Find the line containing "在学校党委统一安排部署下,开", then return it and every line after it through the end of the records, exactly. Leave out pictures.

┄┄┄┄┄┄

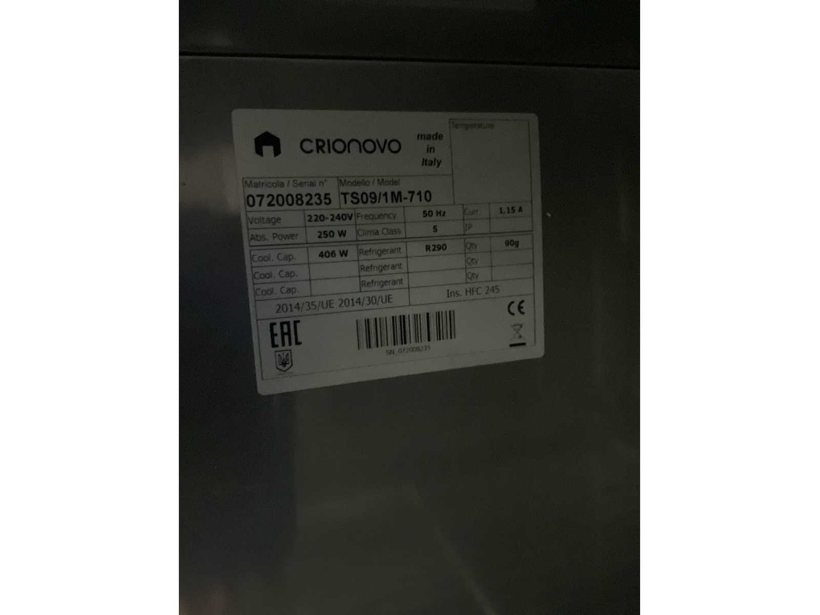 250 watt. Merk: Crionovo Type: TS09/1M-710 Totale afmeting L: 224cm Totale afmeting Breedte: 70cm Totale afmeting Hoogte: 90cm Materiaal: rvs Ingebouwde koelcompressor: true Rvs: true Aansluiting: 230V Lengte: 87cm Breedte: 70cm Hoogte: 90cm
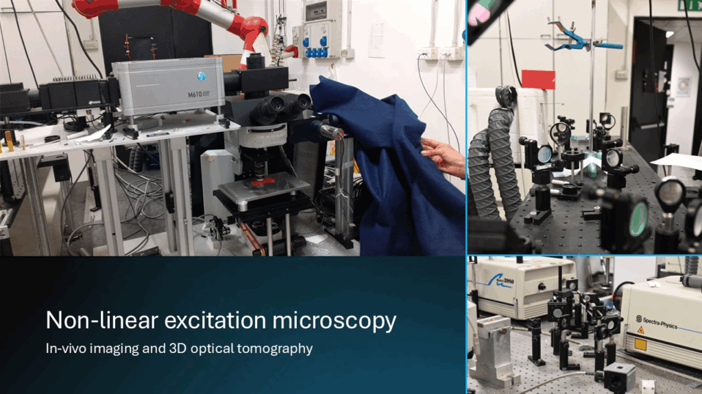 The facility is devoted to the investigation of the structure, function, and dynamics of biological systems through advanced non‑linear excitation microscopy. Its mission is to provide researchers with state‑of‑the‑art tools capable of probing living tissues, cellular architectures, and biomolecular processes with high spatial and temporal resolution. At the core of the laboratory is a direct raster‑scanning microscope designed for neurophysiology, which is coupled to two independent femtosecond laser sources. This dual‑laser configuration enables flexible excitation schemes and supports optical tomography of thick and highly scattering specimens, allowing users to explore biological samples well beyond the limits of conventional linear microscopy.
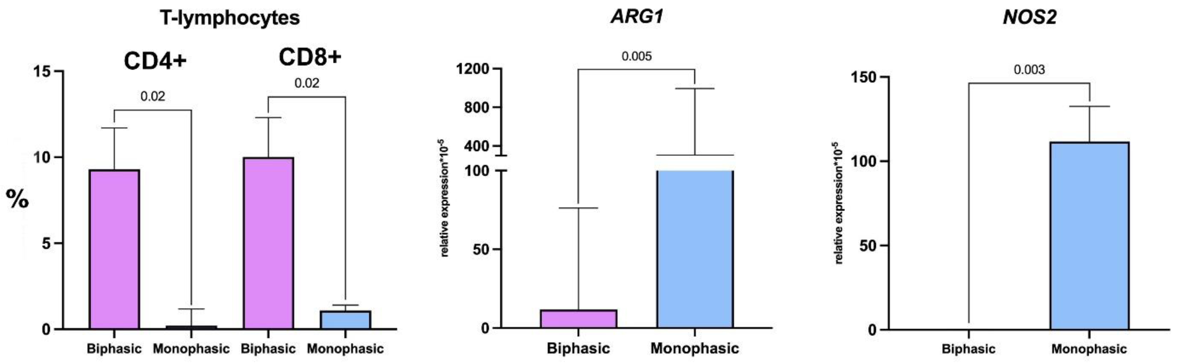 | Cell Type/Marker(s) | Biphasic (n = 2) | Monophasic (n = 7) | p-Value | |
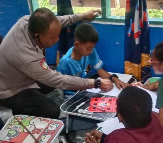 Polsek Sentani Ajarkan Baca Tulis Kepada Anak-Anak Jayapura
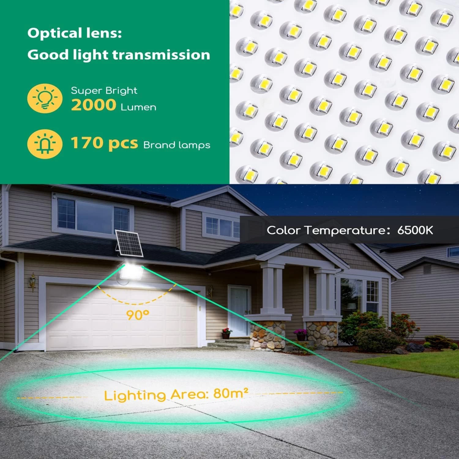 【iluminación con mucho brillo】el foco solar aigostar está equipado con 170 led lumínicos y una lente óptica, por lo que la pérdida de eficiencia de la luz se reduce al mínimo, proporcionando 2000 lúmenes y una distancia de iluminación de hasta 10 m., todo esto sin incrementar la factura de la luz. La mejor opción para iluminar jardines, caminos, garajes o cualquier punto exterior.【panel solar de alta eficacia 】el panel solar fotoeléctrico aigostar tiene una conversión de alta eficiencia que puede convertir hasta el 25 % de la energía solar en energía eléctrica. Su batería recargable lifepo4 es de 3,2 v, 20.000 mah, y proporciona entre 8 y 12 horas de funcionamiento continuo si está completamente cargada. Ofrece 20.000 horas de iluminación y una batería con una larga vida útil.【mando a distancia incluido】el proyector led solar dispone de un mando a distancia con 10 metros de alcance con el que puede ajustar el brillo y elegir el modo de funcionamiento (modo puesta de sol y modo de detección de movimiento). Además, también se puede configurar la función de temporizador para apagarlo en 3 h./5 h./8 h.【modo puesta de sol y modo sensor de movimiento】esta luz solar dispone de dos modos de uso: modo 1(modo puesta de sol): pulse «auto», el foco solar se encenderá automáticamente por la noche y se apagará durante el día. (nota: el foco dispone de encendido automático al anochecer y esta función no podrá ser desactivada)modo 2 (modo sensor de movimiento): pulse “m”, se encenderá automáticamente al 100 % de brillo cuando se acerque alguien.【resistente al agua protección ip65 y fácil de instalar】 el foco aigostar está hecho de materiales duraderos y es resistente al agua con protección ip65. Está equipado con rosca y 1,2 m de cable. Debe montar el foco solar led en lugares donde haya luz solar directa y ajustar el soporte para conseguir el mayor tiempo de iluminación posible.
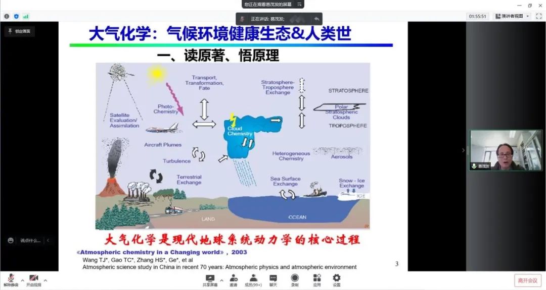 接着,葛茂发研究员从大气化学的宏观角度入手,为同学们科普了大气重污染霾化学等极具前瞻性和不可替代性的科学领域,又将大气污染问题集中到大气污染微粒的精准模拟和检测上,密切联系国家需要,积极响应“四个面向”战略号召。葛茂发研究员参与自主研发了更适合我国复合污染环境,外场长期观测的高稳定性、宽动态范围大气观测在线分析仪,成功解决了由于测量仪器检测结果精度低带来的问题。
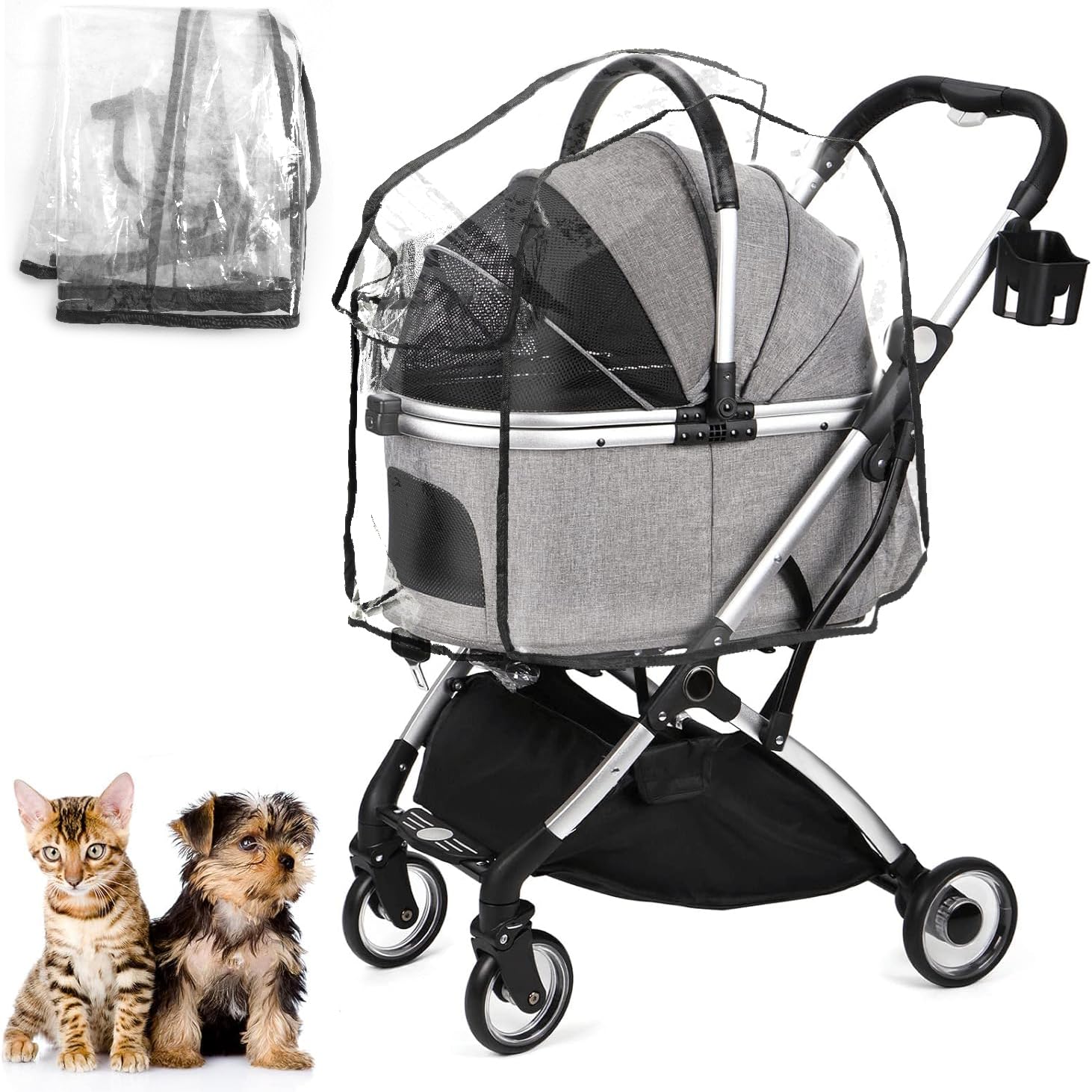 BQKOZFINペットカート用レインカバー 耐久性のあるペットカート用レインカバー 犬猫カートに適している ...
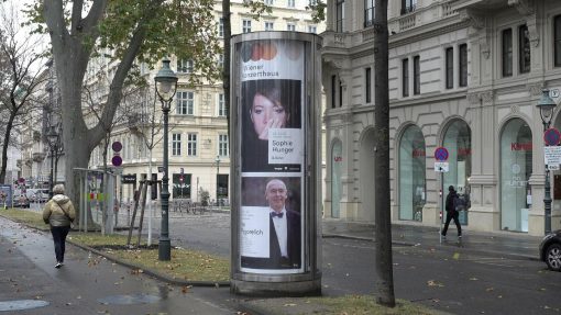 The typical Viennese Litfass columns (Columns with announcements inside. Rotating core, illuminated by night).
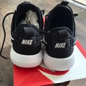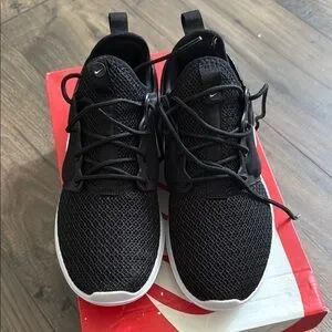 Stylish black sneakers with a white swoosh. Perfect for casual wear.
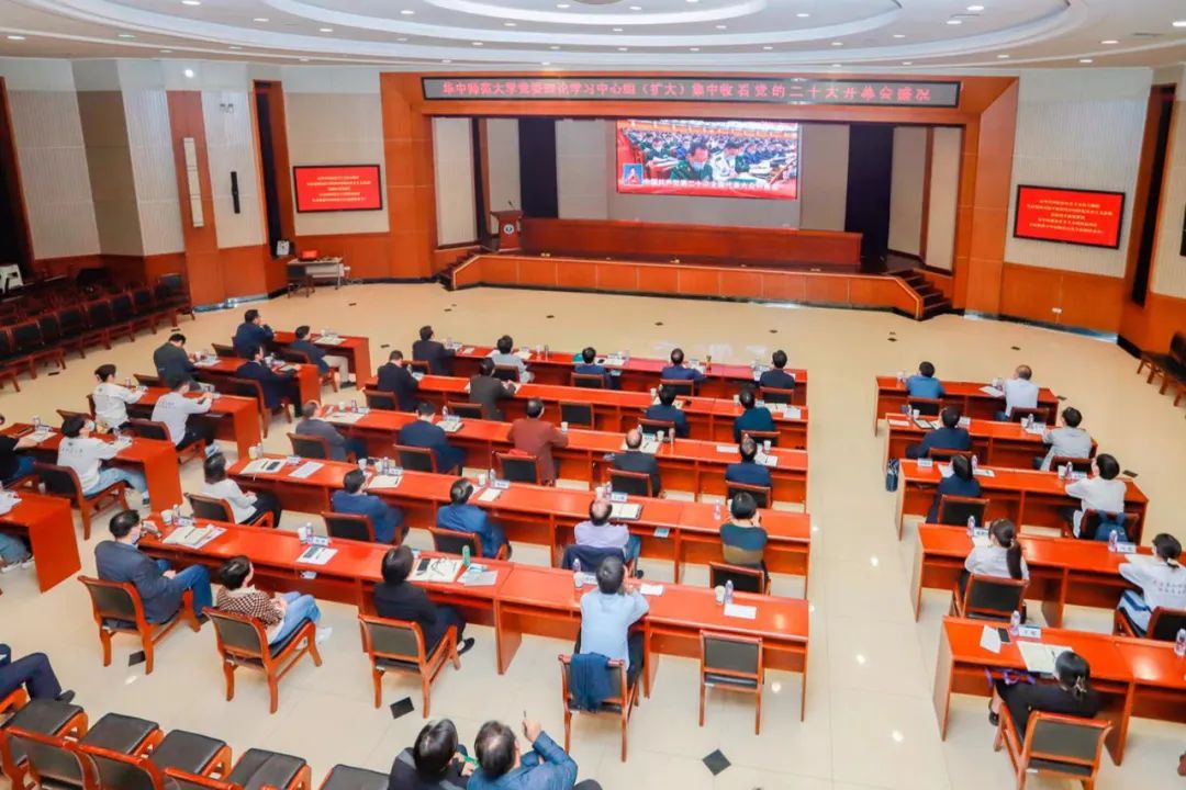 在学校党委统一安排部署下,开云足球体育广大党员干部师生以多种形式收听收看了开幕会。上午十时,在科学会堂一楼报告厅主会场,校领导,校党委理论学习中心组(扩大)成员,学校入选湖北省委讲师团、武汉市委讲师团的专家代表,以及来自校学生会、研究生会、社团中心等学生组织的代表集中观看了开幕会,认真聆听了习近平总书记的报告。各单位也设立分会场,组织师生收听收看开幕会盛况。
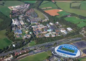 أما فيما يتعلق بموقع الجامعة الجغرافي، فإنها تتميز بكونها الجامعة الوحيدة في المملكة المتحدة التي تقع بشكل كامل ضمن منطقة مصنفة على انها منطقة ذات جمال طبيعي متميز. ويقع حرم الجامعة الذي صممه السيد باسل سبينس في قرية فالمر بمحاذاة محطة قطار القرية. وتتميز الأبنية في هذه الجامعة من الناحية المعمارية حيث حصل عدد منها على جوائز للإبداع المعماري في بريطانيا.
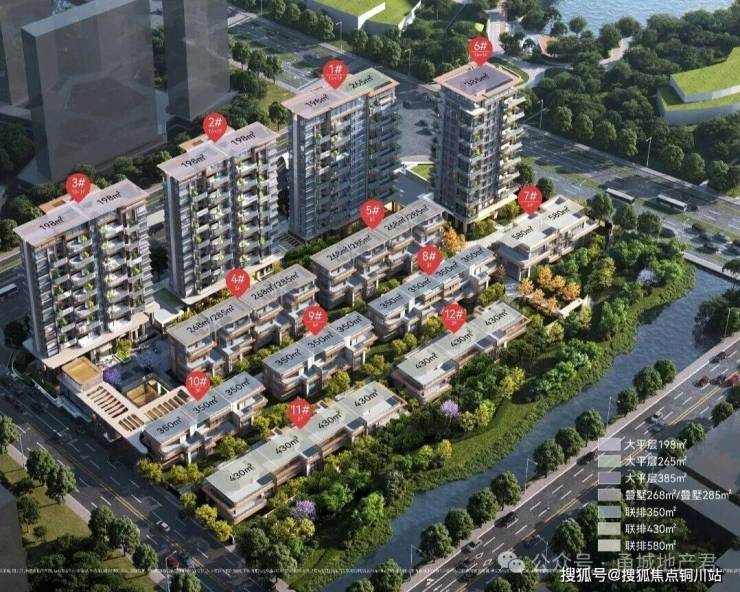 面积段更是纯粹的塔尖配置:建面约268-285㎡的双叠叠墅(无中叠)、建面约350-580㎡的两层联排、建面约198-385㎡的一线湖居四代宅!

┄┄┄┄┄┄

**Exercise solution:**
 在学校党委统一安排部署下,开云足球体育广大党员干部师生以多种形式收听收看了开幕会。上午十时,在科学会堂一楼报告厅主会场,校领导,校党委理论学习中心组(扩大)成员,学校入选湖北省委讲师团、武汉市委讲师团的专家代表,以及来自校学生会、研究生会、社团中心等学生组织的代表集中观看了开幕会,认真聆听了习近平总书记的报告。各单位也设立分会场,组织师生收听收看开幕会盛况。
 أما فيما يتعلق بموقع الجامعة الجغرافي، فإنها تتميز بكونها الجامعة الوحيدة في المملكة المتحدة التي تقع بشكل كامل ضمن منطقة مصنفة على انها منطقة ذات جمال طبيعي متميز. ويقع حرم الجامعة الذي صممه السيد باسل سبينس في قرية فالمر بمحاذاة محطة قطار القرية. وتتميز الأبنية في هذه الجامعة من الناحية المعمارية حيث حصل عدد منها على جوائز للإبداع المعماري في بريطانيا.
 面积段更是纯粹的塔尖配置:建面约268-285㎡的双叠叠墅(无中叠)、建面约350-580㎡的两层联排、建面约198-385㎡的一线湖居四代宅!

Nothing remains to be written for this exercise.